Prof. Hughes gets it wrong

larry Hughes-csTwo weeks ago, AllNovaScotia.com, the excellent online journal run by daughter-father team Caroline Wood and David Bentley, ran the latest in a series of occasional pieces by Larry Hughes, a computer engineering coordinator at Dalhousie University.

Hughes is something of an energy policy gadfly. He expects energy will soon be in short supply globally, so he places a lot of emphasis on energy security, by which he appears to mean energy produced within Nova Scotia.

Nevertheless, Hughes opposes Nova Scotia Power’s plan to mix wood waste with coal to burn in its thermal generating plants. His piece, in the August 25 edition of AllNS [subscription required], makes a concise, persuasive case that wood waste would be better deployed in home heating.

Unfortunately, Hughes’s argument is marred by a string of misstatements about wind generation in the opening paragraphs. After noting that NSP is scrambling to meet a legislated requirement for increased use of renewable energy by 2010, he adds, “Until recently, ministers and NSP insisted wind would easily fill the gap.”

In fact, the contracts NSP signed with independent wind producers two years ago would have easily filled the gap, but when the world economy went into a tail spin 13 months ago, several of the producers lost their financing. It’s been clear since then that NSP would be hard pressed to meet the timetable.

But Hughes puts the financial meltdown far down the list of factors behind wind’s inability to fill the gap.

At the top of the list he puts the grid’s limited capacity for intermittent power.
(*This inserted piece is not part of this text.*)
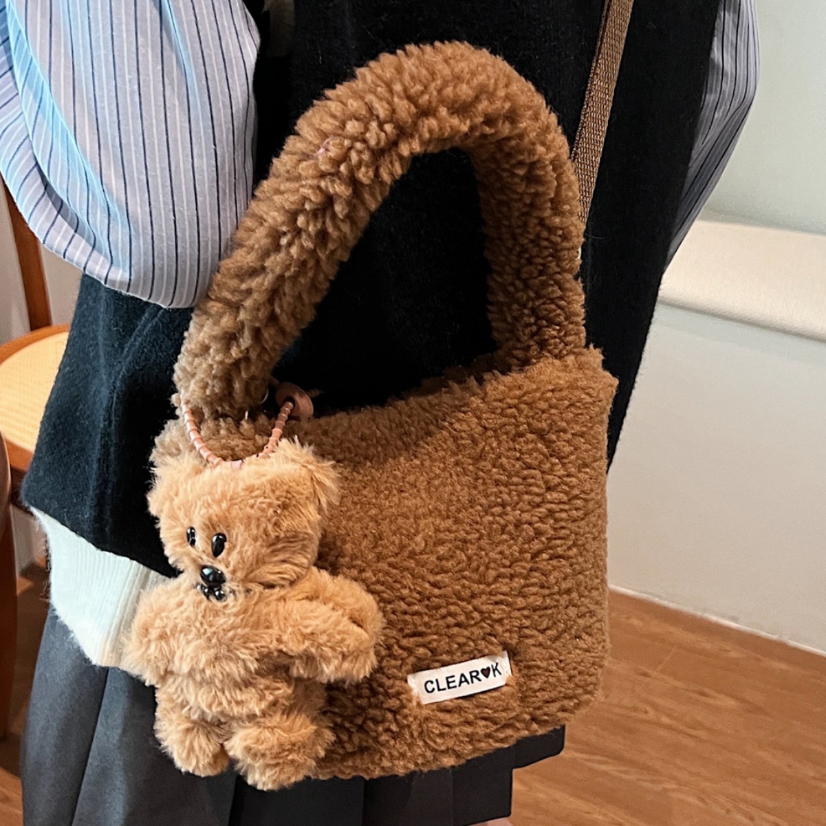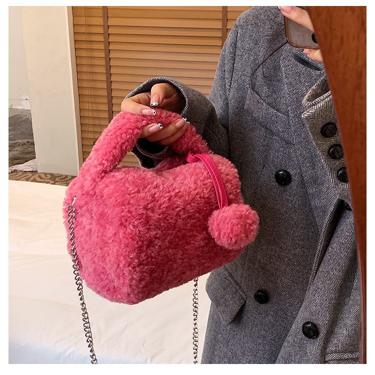 秋冬毛绒包包女2026新款韩国羊羔毛时尚单肩包可爱少女手提水桶包

This is simply incorrect. Two years ago, NSP and the Nova Scotia Department of Energy commissioned a Wind Integration Study to evaluate the grid’s capacity to absorb intermittent power sources.  It determined that the grid has enough capacity to handle the 2010 targets and, with careful management, the even greater requirements for 2013.

Beyond that, Hughes is right: If we want to keep ramping up our use of intermittent energy sources like wind, solar, and tidal beyond the legislated 2013 targets — and we do — Nova Scotia will soon have to invest very large sums to beef up our electrical grid.

Hughes also cited “the poor economics associated with wind in Nova Scotia.” In fact, the economics of wind power are better than average in Nova Scotia, because wind speeds are higher than average here. The price gap between wind and conventional energy sources has narrowed, and given the likelihood of future fuel price increases, it has probably already closed on a net present value basis.

Hughes also lists “multi-year delays” in wind turbine deliveries as a factor. That will come as news to Gamesa Corporación Tecnológica, a large Spanish wind turbine manufacturer. Gamesa announced in May that it would not meet sales targets because so many buyers had canceled purchases in the face of the economic meltdown.

In 2007. neither NSP, nor the Department of Energy, nor Larry Hughes, nor Parker Donham knew that the following summer, the world would experience the biggest economic meltdown since the Great Depression. Based on what we all knew then, the wind power contracts were a sensible approach to the need for more renewable energy. There is no need to invent reasons why it didn’t work out when the real reason is as clear now as it was unforeseeable then.

Finally, in describing the scramble to replace the likely-to-be unfulfilled wind power contracts, Hughes claimed that the province’s 2009 Energy Strategy expanded the term “renewable” to include “green” natural gas.

No it didn’t.

Natural gas is certainly the greenest of the ungreen fossil fuels, far less polluting and  GHG-genrating than coal or even oil. But the revised energy strategy does not reclassify it as a renewable energy source, and while its use could help NSP reduce emissions, but it will not contribute to meeting the legislated renewable energy targets.

[Disclosure: I know this because I had a hand in the revised strategy, having been under contract with the Department of Energy as a writer on the project.]

Contrarian would be pleased to publish a response from Prof. Hughes.